公孙绿萼微微蹙眉,更是困惑:“喜欢美好的东西,乃人之天性,难道……这也有错吗?”

    岳不群哈哈一笑,洒脱淡然:“无对,亦无错。你在分辨对错之时,便已是着了相。什么是对?什么又是错?

    对与错,难道不是世人自己定义出来的吗?

    对与错,本身就是你对外界的一种偏见和认知。

    你若活在对错里,就说明你依然活在别人的目光里,你从未真正为自己而活过。”

    他顿了顿,语气渐深,带着几分悟道之意,缓缓道:

    “天下无心外之物。你若聋,便不闻声;你若盲,便不见色;你若无心,便不生情。

    你未看此花时,此花与汝心同归于寂;你来看此花时,则此花颜色一时明白起来。

    由此便知,这世间万物,皆不在你心外。”

    这一席话落下,如同惊雷,在公孙绿萼心中轰然炸开。

    仿佛有一道天光,破开了长久以来的迷雾,照进她心底最深处。

    那些曾经让她辗转难眠的不安、患得患失的纠结、害怕失去的恐惧,在这一刻,渐渐沉淀,渐渐清明。

    她望着岳不群,眼中从迷茫,到恍然,再到澄澈。

    原来,世间万般情绪,皆由心生。

    原来,她所执着的怕与爱,本就是心之所现。

    这一刻,她似懂非懂,却已然,踏上了一条全新的路。

    岳不群望着怀中女子眼底渐渐澄明的光,心中亦是微动。

    他这一生,无论是华山掌门,还是后来意外踏入修仙一途,见多了虚伪算计、尔虞我诈,却极少有人如公孙绿萼一般,干净、纯粹、通透,一点就透。

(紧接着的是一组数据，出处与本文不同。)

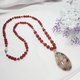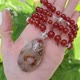 **1.圖上水墨風瑪瑙滾石高約55mm、寬33mm、厚22mm,鍊身紅玉瓍珠約6.2-10.2mm,項鍊總長度(不含滾石墜)約75cm。**
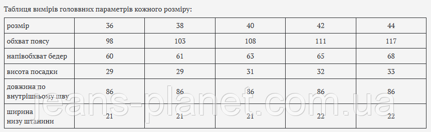| ширина низу штанини | 21 | 21 | 21 |
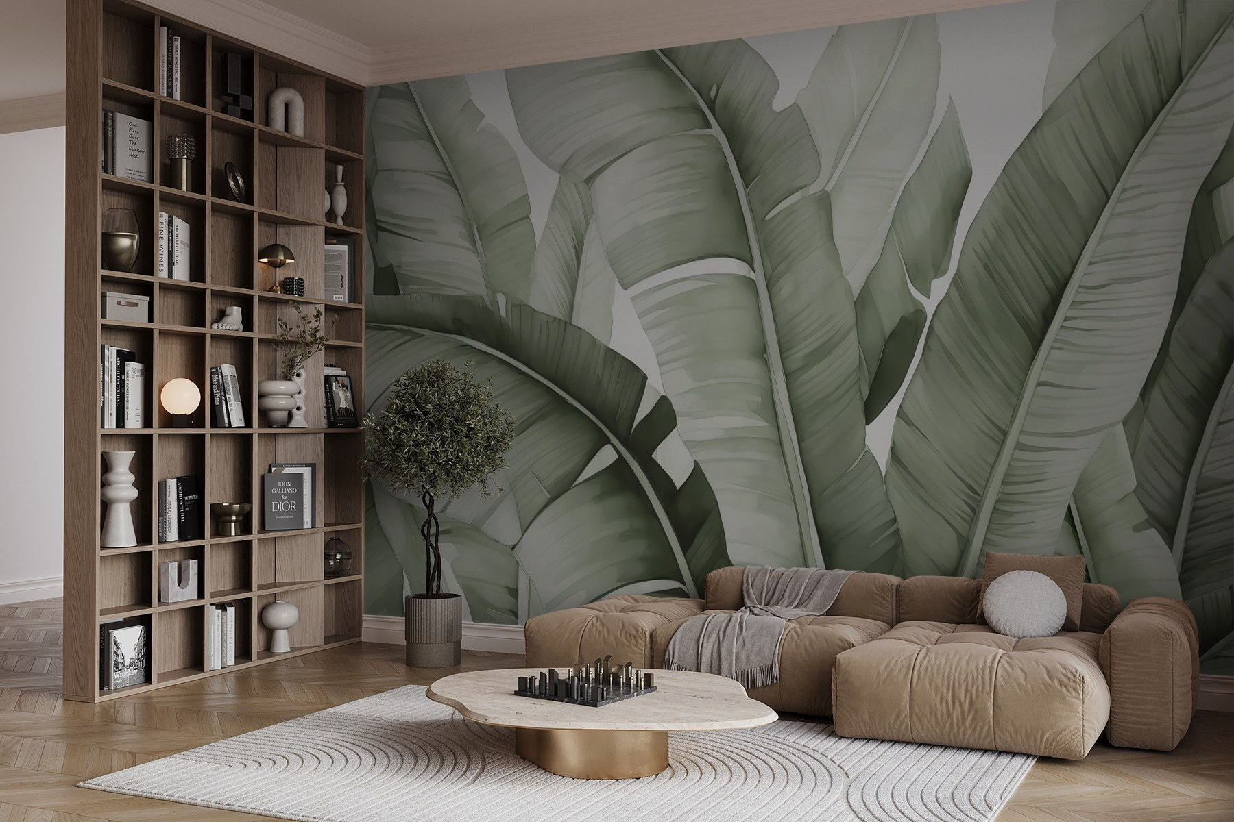 Transforme cualquier habitación en un oasis de serenidad con este mural de exuberantes hojas verdes. Imagínese entrar en una tranquila escapada tropical en su propia casa. Cada hoja parece susurrar secretos de la selva, invitándole a relajarse. Es perfecto para aquellos que buscan un poco de terapia natural sin necesidad de tener un pulgar verde. Imagínese acogedoras tardes tomando el té, rodeado de verdes relajantes que dan vida a su espacio. Los suaves tonos de este mural crean un ambiente refrescante, por lo que es un gran telón de fondo para todos tus sueños decorativos. Brinde por traer un trozo de aire libre al interior.

    她不像小龙女那般清冷隔绝,也不像江湖女子那般精明算计。

    她的心,如绝情谷底的清泉,一眼见底,却又深不见底。

    “你能听懂几分?” 岳不群轻声问。

    公孙绿萼从他怀中稍稍抬起头,脸颊微红,却依旧勇敢地望着他:

    “以前……我总觉得,喜欢一个人,便要死死抓着,怕他走,怕他变,怕他心里装着别人。

    可刚才听岳大哥一说,我好像忽然明白了。”

    “明白什么?”

    “心里的那些不安,都是我自己的心生出的。我若不执着于‘你会不会走’,不执着于‘你心里只有我’,便不会伤心难过。”

    岳不群眼中闪过一丝赞许。

    此等悟性,便是许多修炼数十年的修士都未必能及。

    想到这里,岳不群哈哈大笑,“你有如此悟性,离修仙之路已经不远了。”

    公孙绿萼被夸得满脸笑容,心里美滋滋的。

    对她来说,能得到岳不群的认可,无疑是人生最大的幸福。

    岳不群笑道:“看你聪明,为夫便和你好好说道说道,你能接受多少,看你的造化了。”

    公孙绿萼嗯了一声,眼睛直勾勾地看着岳不群,满心好奇地等待他说下去。

    岳不群道:“这方世界,有三大教派,分别为儒家、道家、佛家。

    儒家讲格物致知,佛家讲明心见性,道家讲返璞归真,说来说去,都是一件事,先认清自己的心。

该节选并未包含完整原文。